# [Task prompt]
Only the lines from the beginning of the data through the line holding "東京都 S.S様159㎝ Mサイズ新宿" belong in the answer, printed exactly and without pictures.

# [Supplied material]
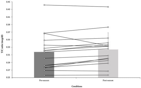 At this point, testosterone/cortisol ratio (T/C ratio) was calculated. In fact, the T/C ratio has been considered as an important physiologicaal variable to gauge individual condition and responses. In this sense, a t-test with data form the T/C ratio showed the same values before (0.317 ± 0.05) and after (0.324 ± 0.04) pre-season period [t(25) = 2.13, p = 0.07, d = 0]. Testosterone/cortisol ratio over the period can be found in Figure 1.
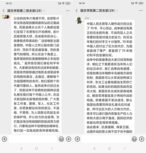 观影结束以后,党支部组织党员就活动内容进行了观影学习心得交流。支部党员围绕抗美援朝战争的历史意义并结合当下正在进行的抗击新冠病毒斗争发表了自己的观影体会。
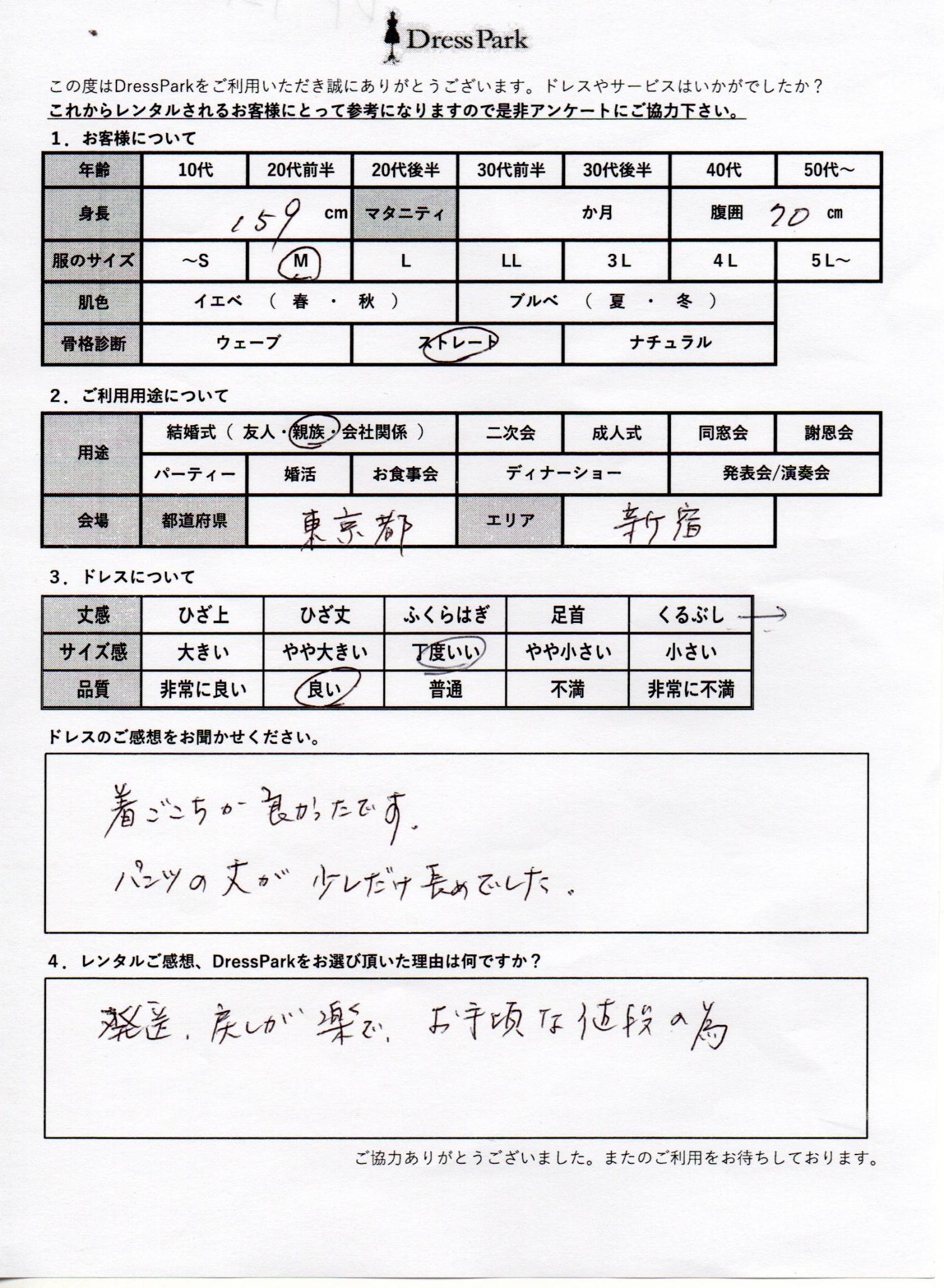 東京都 S.S様159㎝ Mサイズ新宿 #40代#M/L#155~159㎝#結婚式(親族)#東京都#新宿 ◆レンタルしたドレスはこちら ◆レンタルしたサイズは:M ◆レンタルした日付:2025/12/07 ドレスの着用感 ◆点数: (4点) ◆丈感:くるぶし ◆サイズ感:丁度いい ◆品質:良い ◆骨格診断:ストレート ドレスの感想 着心地が良かったです。パンツの丈が少しだけ長めでした。 レンタルのご感想、DressParkをお選び頂いた理由 発送、戻しが楽でお手頃な値段のため。 CUSTOMER REVIEWS お客様の声 気になるカテゴリー別にご利用の感想をチェック! ◆AGE 年代で見る 10代 20代 30代 40代 50代~ ◆SIZE サイズで見る SS/S M/L 大きいサイズLL~ ◆HIGHT 身長で見る 140~149㎝ 150~154㎝ 155~159㎝ 160~164㎝ 165~169㎝ 170㎝以上 ◆マタニティ ~3か月 4~6か月 7~8か月 9~10か月 ◆肌色 イエベ ブルべ ◆骨格診断 ウェーブ ストレート ナチュラル ◆利用シーン 結婚式(友人) 結婚式(親族) 結婚式(会社関係) 二次会 成人式 謝恩会 パーティー その他 CUSTOMER REVIEWS都道府県別お客様の声 都道府県別にのお客様の声をチェック! 北海道 青森県 岩手県 宮城県 秋田県 山形県 福島県 茨城県 栃木県 群馬県 埼玉県 千葉県 東京都 神奈川県 新潟県 富山県 石川県 福井県 山梨県 長野県 岐阜県 静岡県 愛知県 三重県 滋賀県 京都府 大阪府 兵庫県 奈良県 和歌山県 鳥取県 島根県 岡山県 広島県 山口県 徳島県 香川県 愛媛県 高知県 福岡県 佐賀県 長崎県 熊本県 大分県 宮崎県 鹿児島県 沖縄県 CUSTOMER REVIEWSエリア別お客様の声 都道府県別にのお客様の声をチェック! 札幌 仙台 名古屋 軽井沢 金沢 神戸・芦屋 博多 那覇 梅田・新大阪 難波・心斎橋 鎌倉・湘南 横浜・みなとみらい 舞浜・浦安・幕張 大宮・浦和 青山・表参道 六本木・麻布 渋谷・恵比寿 新宿 池袋 銀座・丸の内 お台場・汐留 鹿児島市 郡山市 福島市 東予 甲府・石和 LINEでお問い合わせ このサイトではJavaScriptを使用しています
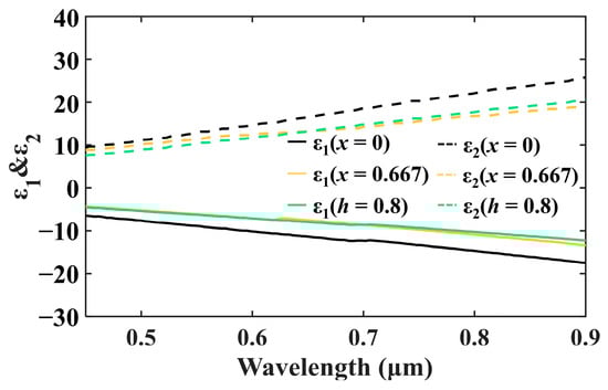 According to Figure 2, we have analyzed two different methods for describing the dielectric functions of Pd after hydrogen absorption. The black curve represents the dielectric function of pure palladium as measured by the ellipsometry method (the solid part is represented by a solid line and the imaginary part by a dashed line). Based on the measured dielectric function of pure palladium, we calculated the dielectric functions at a hydrogen concentration of 4 vol% in ambient nitrogen using Equation (1) and obtained the green curve in Figure 2 (the solid part is represented by a solid line and the dashed part by a dotted line). At the same time, we also calculated the Pd dielectric functions after hydrogen absorption saturation according to Equation (2) (where x is set to 0.667). The calculated results are shown as the yellow curve values in Figure 2 (the real part is represented by the solid line and the imaginary part by the dashed line). It is noteworthy that that the yellow and green curves calculated by these two methods almost coincide, thus verifying their feasibility in characterizing metallic palladium plasma sensing. Equation (2) can be used to describe the change in the dielectric functions of Pd after hydrogenation in a re-nitrogen environment with the passage of 4 vol% hydrogen.

# [Written answer]
 At this point, testosterone/cortisol ratio (T/C ratio) was calculated. In fact, the T/C ratio has been considered as an important physiologicaal variable to gauge individual condition and responses. In this sense, a t-test with data form the T/C ratio showed the same values before (0.317 ± 0.05) and after (0.324 ± 0.04) pre-season period [t(25) = 2.13, p = 0.07, d = 0]. Testosterone/cortisol ratio over the period can be found in Figure 1.
 观影结束以后,党支部组织党员就活动内容进行了观影学习心得交流。支部党员围绕抗美援朝战争的历史意义并结合当下正在进行的抗击新冠病毒斗争发表了自己的观影体会。
 東京都 S.S様159㎝ Mサイズ新宿 #40代#M/L#155~159㎝#結婚式(親族)#東京都#新宿 ◆レンタルしたドレスはこちら ◆レンタルしたサイズは:M ◆レンタルした日付:2025/12/07 ドレスの着用感 ◆点数: (4点) ◆丈感:くるぶし ◆サイズ感:丁度いい ◆品質:良い ◆骨格診断:ストレート ドレスの感想 着心地が良かったです。パンツの丈が少しだけ長めでした。 レンタルのご感想、DressParkをお選び頂いた理由 発送、戻しが楽でお手頃な値段のため。 CUSTOMER REVIEWS お客様の声 気になるカテゴリー別にご利用の感想をチェック! ◆AGE 年代で見る 10代 20代 30代 40代 50代~ ◆SIZE サイズで見る SS/S M/L 大きいサイズLL~ ◆HIGHT 身長で見る 140~149㎝ 150~154㎝ 155~159㎝ 160~164㎝ 165~169㎝ 170㎝以上 ◆マタニティ ~3か月 4~6か月 7~8か月 9~10か月 ◆肌色 イエベ ブルべ ◆骨格診断 ウェーブ ストレート ナチュラル ◆利用シーン 結婚式(友人) 結婚式(親族) 結婚式(会社関係) 二次会 成人式 謝恩会 パーティー その他 CUSTOMER REVIEWS都道府県別お客様の声 都道府県別にのお客様の声をチェック! 北海道 青森県 岩手県 宮城県 秋田県 山形県 福島県 茨城県 栃木県 群馬県 埼玉県 千葉県 東京都 神奈川県 新潟県 富山県 石川県 福井県 山梨県 長野県 岐阜県 静岡県 愛知県 三重県 滋賀県 京都府 大阪府 兵庫県 奈良県 和歌山県 鳥取県 島根県 岡山県 広島県 山口県 徳島県 香川県 愛媛県 高知県 福岡県 佐賀県 長崎県 熊本県 大分県 宮崎県 鹿児島県 沖縄県 CUSTOMER REVIEWSエリア別お客様の声 都道府県別にのお客様の声をチェック! 札幌 仙台 名古屋 軽井沢 金沢 神戸・芦屋 博多 那覇 梅田・新大阪 難波・心斎橋 鎌倉・湘南 横浜・みなとみらい 舞浜・浦安・幕張 大宮・浦和 青山・表参道 六本木・麻布 渋谷・恵比寿 新宿 池袋 銀座・丸の内 お台場・汐留 鹿児島市 郡山市 福島市 東予 甲府・石和 LINEでお問い合わせ このサイトではJavaScriptを使用しています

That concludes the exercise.